# WORK TO COMPLETE
Locate the line containing "刺身を中心に野菜で構成。小松" in the entries below, then retype it and every later line exactly, leaving out pictures.

DATA RECORDS START

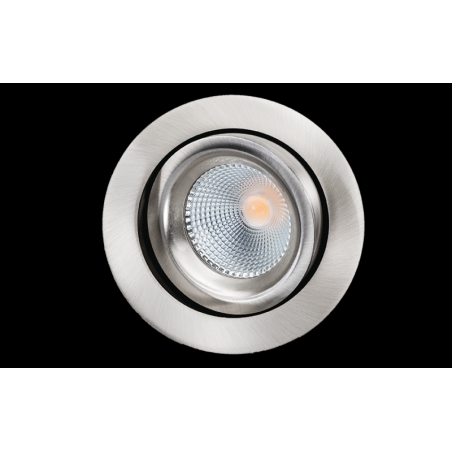 Description: Downlight, LED intérieur plafonnier downlight, acier brossé, 8W, 2700K. inclinable 30 degrés dans toutes les directions, driver incl., dimmable coupure de phase. découpe 83 mm. Mat.: aluminium, verre transparent. Classe III, IP44, faisceau 42 degrés, Ra>95, SDCM 2
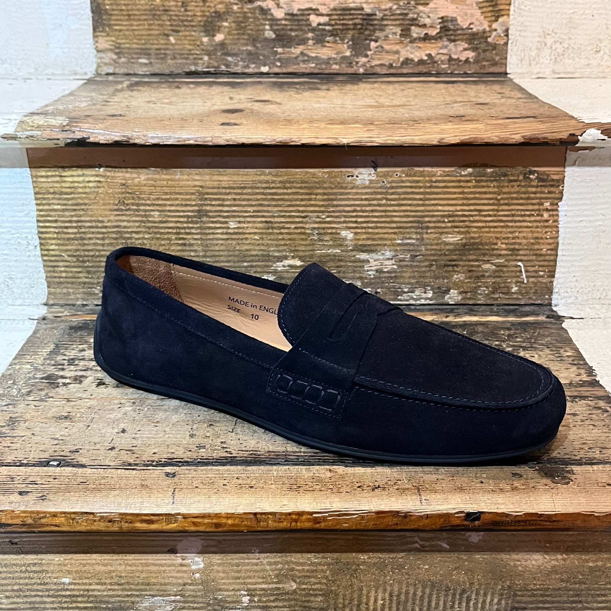 A lovely driving shoe from Joseph Cheaney in blue suede. Classic driving shoe style with a flexible rubber sole and penny loafer trim detailing. Wearing these will no doubt help you shave minutes off your lap times (please drive sensibly) or finish off any warm weather outfit should you prefer. Wear with linen trousers and a vintage Ferrari.
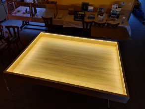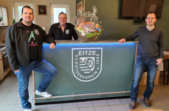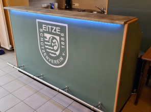 Kurzerhand machte sich erneut Patrick Panning ans Werk und nahm Maß und erstellte erste Entwürfe. Dabei holte er auch Karsten Timm wieder ins Boot, der mit seinem Wissen zunächst bei der Planung geholfen hatte und danach auch handwerklich wieder mit dabei war. Die beiden haben dann vor Ort den zwei Meter langen Tresen gebaut, der zwei Kühlschränke integriert hat und als Besonderheit mit einem LED-Band und dem Wappen des Schützenvereins verziert wurde. Heinrich Hamann konnte die passenden Barhocker dazu liefern. Pünktlich zur Weihnachtsfeier im Dezember 2021 konnte der Tresen seine Premiere feiern.
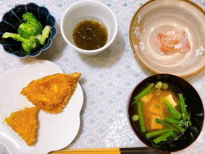 刺身を中心に野菜で構成。小松菜はさっと湯通ししておき、にんにくのみじん切りを油大さじ1で炒め、中華スープ1と塩適宜を加える。コクをだすにはカリカリに焼いた細切りベーコンも加える。そのほか、ジーマーミ豆腐、魚焼きコンロでカリカリに焼いた揚げ豆腐に大根おろし添え、なめこ椀。
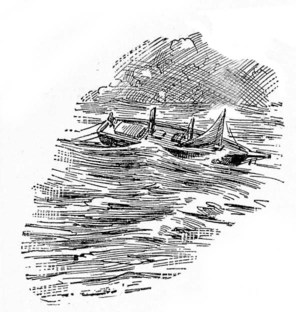 My first impulse was one of despair, but my second was towards joy. Round she came, till she was broadside on to me—round still till she had covered a half, and then two-thirds, and then three-quarters of the distance that separated us. I could see the waves boiling white under her forefoot. Immensely tall she looked to me from my low station in the coracle.

DATA RECORDS END

# ANSWER TO THIS EXERCISE
 刺身を中心に野菜で構成。小松菜はさっと湯通ししておき、にんにくのみじん切りを油大さじ1で炒め、中華スープ1と塩適宜を加える。コクをだすにはカリカリに焼いた細切りベーコンも加える。そのほか、ジーマーミ豆腐、魚焼きコンロでカリカリに焼いた揚げ豆腐に大根おろし添え、なめこ椀。
 My first impulse was one of despair, but my second was towards joy. Round she came, till she was broadside on to me—round still till she had covered a half, and then two-thirds, and then three-quarters of the distance that separated us. I could see the waves boiling white under her forefoot. Immensely tall she looked to me from my low station in the coracle.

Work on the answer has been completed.